Albuquerque Journal

Sacked ski team won’t give up

Program soliciting signatures, hopes to save the sport at UNM

- BY GEOFF GRAMMER JOURNAL STAFF WRITER

Their voices weren’t heard before the decision was made.

That doesn’t mean the Lobos ski team will refrain from making them heard now, despite the insistence from the University of New Mexico administra­tion that it’s too late.

Thursday at a 1:15 p.m. meeting, athletic director Paul Krebs informed team members that the financial struggles of the school had led to the decision to eliminate the men’s and women’s ski team, winner of UNM’s first team national title in 2004.

As copies of a fact sheet explaining the decision was passed around, team members’ cell phones began to vibrate. Text messages began to pour in from friends and family, who saw the news break through a press release sent out to media at 1:19 p.m. — even as the meeting was taking place, said team coach Fredrik Landstedt.
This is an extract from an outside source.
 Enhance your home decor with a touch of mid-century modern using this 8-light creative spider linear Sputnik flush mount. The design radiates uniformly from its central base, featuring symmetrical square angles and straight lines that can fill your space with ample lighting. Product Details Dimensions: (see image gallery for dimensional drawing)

“No warning whatsoever until we sat at the meeting,” Landstedt told the Journal in an email exchange on Saturday. “We were texted the same morning to be there. The athletes had no warning as well. They were told to be there at 1:15 and that they should miss class to be there.”
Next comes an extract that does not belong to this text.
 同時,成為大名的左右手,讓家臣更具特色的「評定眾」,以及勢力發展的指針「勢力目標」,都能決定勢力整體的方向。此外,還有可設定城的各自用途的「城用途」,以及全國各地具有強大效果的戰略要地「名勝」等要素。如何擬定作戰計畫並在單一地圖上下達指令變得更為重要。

The team has now set up a petition and informativ­e website (saveunmski­team.com), which as of Saturday afternoon had some 5,600 signatures in support of saving the ski program. The team says it has plans to find ways to at least get its message across to those who didn’t listen

to it before the decision was made — one UNM says will save an estimated $600,000 per fiscal year. For his part, Landstedt suggests the savings closer to $515,000 with an “actual” cost to UNM of only about $285,000 per year in salaries and operation costs and that doesn’t count the money the 25 team members (14 men, 11 women), none of whom is on full scholarshi­p, pay for books and the rest of their tuition — nor money many of them pay when they stay on to earn graduate degrees.

UNM sports informatio­n director Frank Mercoglian­o on Saturday told the Journal the $600,000 figure used in Thursday’s press release was “derived from a combinatio­n of salaries, operating expenses, travel, Nike allotment, insurance and full-funded scholarshi­ps.”

Landstedt, a 1991 UNM graduate, is well aware of the school’s dire financial situation in the athletics department, which posted a $1.54 million deficit in the 2015-16 fiscal year. He said he had asked to be kept in the loop if his program was facing such a demise and was told as recently as mid-March it was not.

Landstedt (who earned $80,400) and assistant coach Joe Downing ($51,763) were both told their employment and benefits will be terminated June 30.

On Thursday, Landstedt said, Krebs informed the team that three sports were considered in discussion­s with the Board of Regents with the final decision to only eliminate skiing. It isn’t clear when such discussion­s with the Board of Regents took place.

Neither Krebs nor Mercoglian­o answered specifical­ly when asked by the Journal on Saturday what other sports potentiall­y could have been cut.

In August, former UNM president Robert G. Frank and Regent Marron Lee each told the Journal the school was not close to considerin­g eliminatin­g sports.

In October, Krebs told the Regents’ finance and facilities committee that budget matters were again worsening and drastic measures might need to be considered at some point.

In December, athletics warned it could be headed toward a $400,000 deficit this fiscal year. In February,Board of Regents President Robert Doughty suggested it might be time to consider cutting a sport.

And through it all, the team insists it was not contacted. That, it says, is as big a source of its pain as anything.

“Normally, when a decision to cut a team is pending, coaches and athletes are notified months in advance, in order to give all parties ample time to make alternativ­e plans to pursue their sport,” the team’s new website states.

“... Given the late date in the year, student athletes and coaches will most likely be unable to make alternativ­e arrangemen­ts, as university academic transfer deadlines have passed, and most collegiate-level teams around the country have already made athlete and staffing selections.”

The team plans to update informatio­n and coordinate future action on its saveunmski­team.com website.